@HousewifeOfHell: The thing that makes me suspicious of hair ties is you have either 25 of them, which show up on every surface of the house and the bottom of your bag, or zero. There is no in between.
@HousewifeOfHell: Do people who talk on their phones while driving know you can use driving as an excuse to avoid talking on the phone?
@HousewifeOfHell: I was really getting my act together--eating right, exercising regularly, looking hot, feeling strong, and doing good work.
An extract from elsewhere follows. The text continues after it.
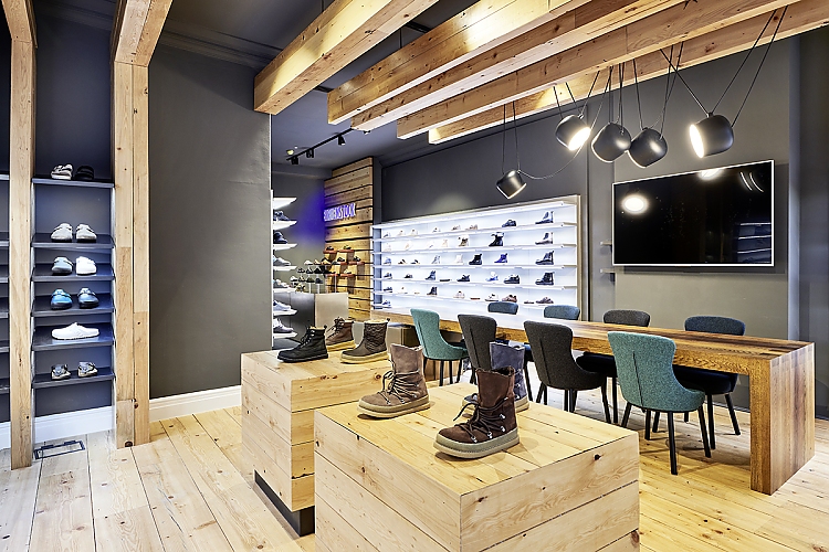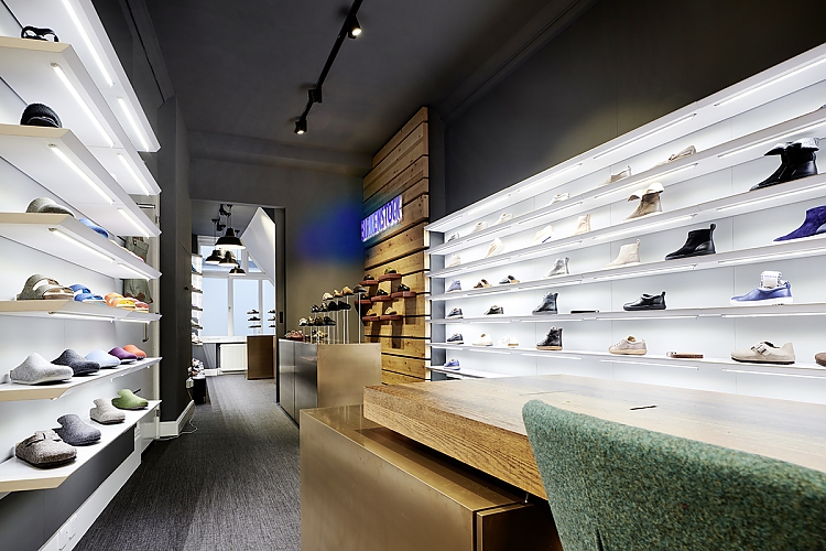 Neben dem eigentlichen Schaubereich befinden sich weitere Präsentationsflächen auf der Altbauetage. Auch hier heben beleuchtete Wandregale die vielfältigen Schuhmodelle hervor und tragen damit maßgeblich zur Raumwirkung und Vermittlung der Produktwelt bei. Typische Materialien für die Schuhe von Birkenstock wie Leder oder Filz setzen gestalterische Akzente. Wie Preziosen werden außerdem die klassischen Sandalen von Birkenstock auf matt glänzenden Kuben mit filigranen Trägerplatten aus Metall inszeniert. Ein individuelles Beleuchtungskonzept sorgt für eine angenehme Lichtstimmung und akzentuiert die zur Schau gestellten Produkte.

Then I woke up.
@HousewifeOfHell: I tried bringing sexy back, but it scratched me, scampered away, and hid under a car.
@HousewifeOfHell: The neighbor kid talks a lot of shit for someone who isn't allowed to leave the yard.
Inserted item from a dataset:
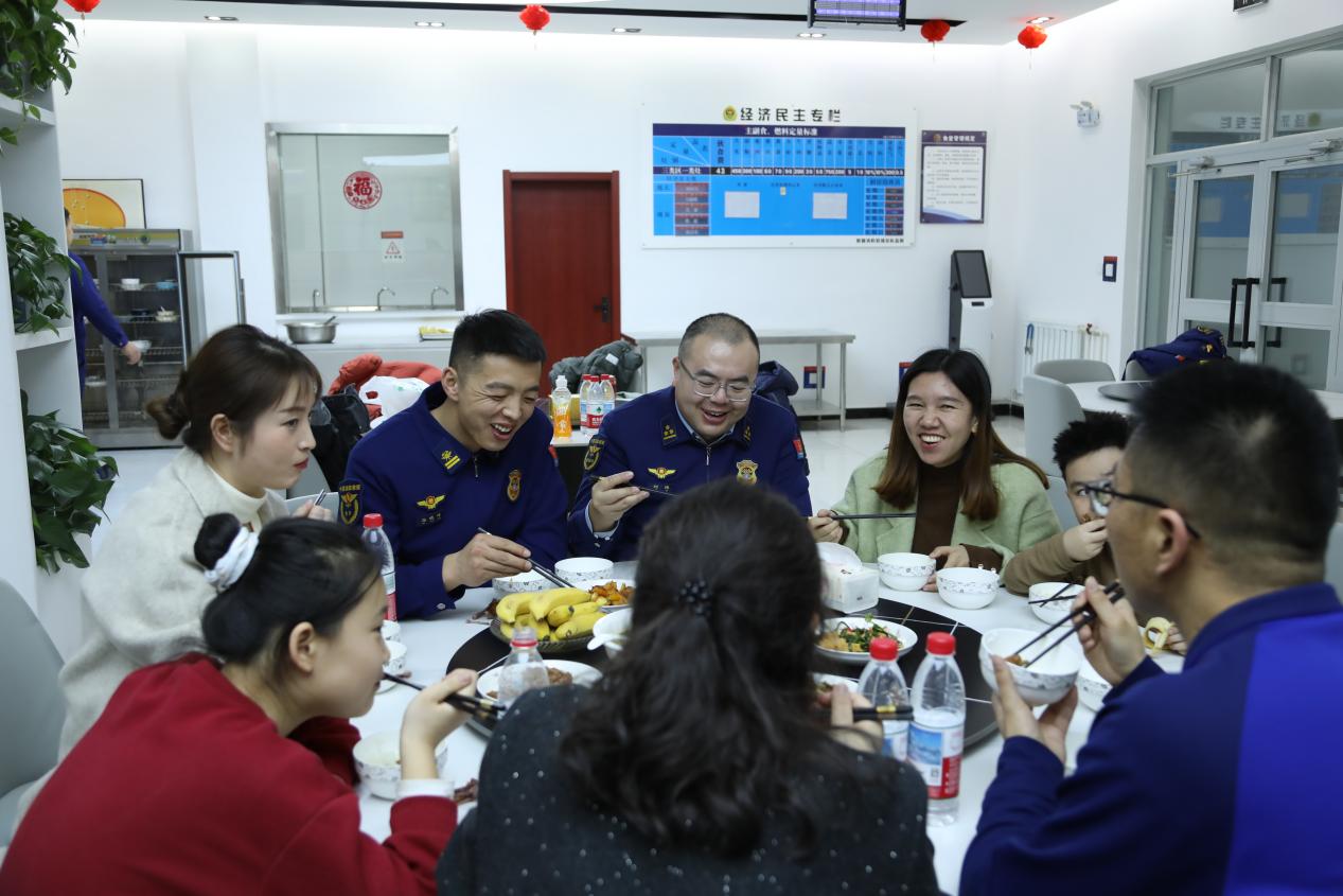 消防指战员与家属一起吃年夜饭。贾雪娇 摄

@HousewifeOfHell: College Math: Your kid lives in a dorm room the size of a matchbox. When she moves home, her belongings fill every inch of an entire house. How is it possible? Calculator allowed. Show your work.
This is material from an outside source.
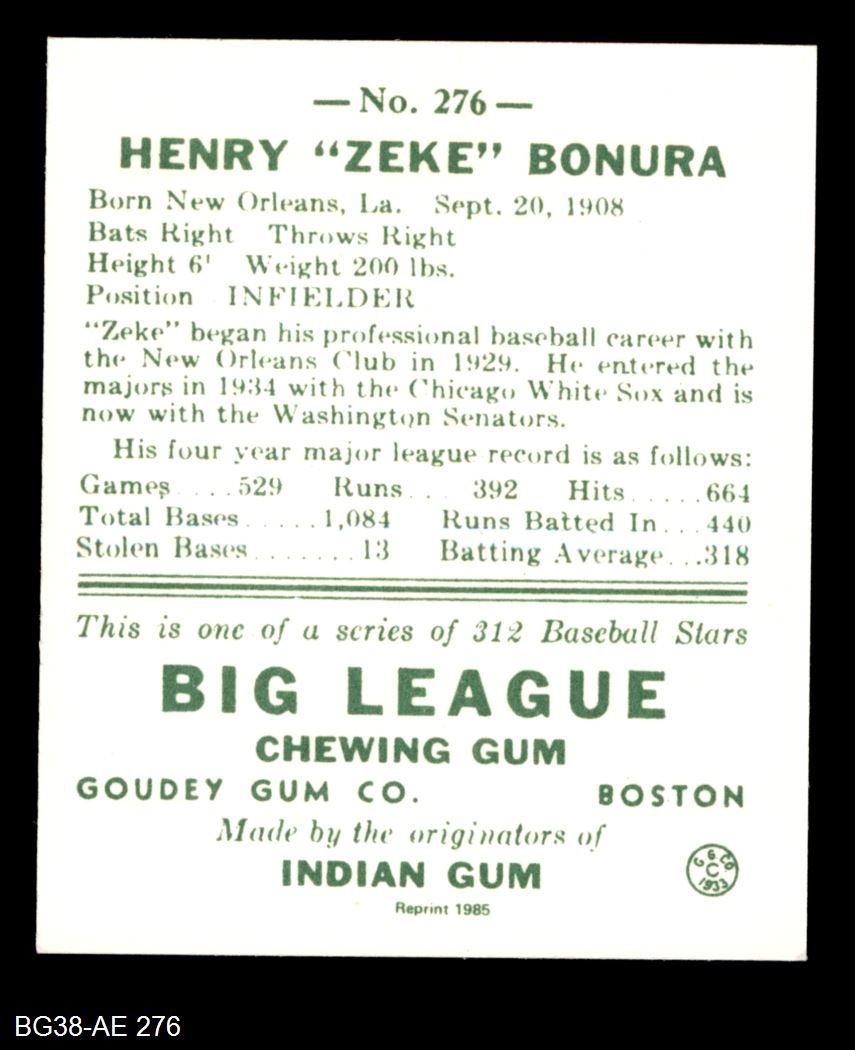 1938 Goudey Heads-Up Reprint #276 Zeke Bonura

@HousewifeOfHell: I just read that pandas don't have many opportunities for sex, and then don't know how to do it. Finally found my spirit animal.
@HousewifeOfHell: ...and when you saw 3 sets of footprints in the sand, that's when it took the entire Holy Trinity to carry you after all those piña coladas.
@HousewifeOfHell: Sooo romantic. He said I'm a work of art.
Or a piece of work. Something like that.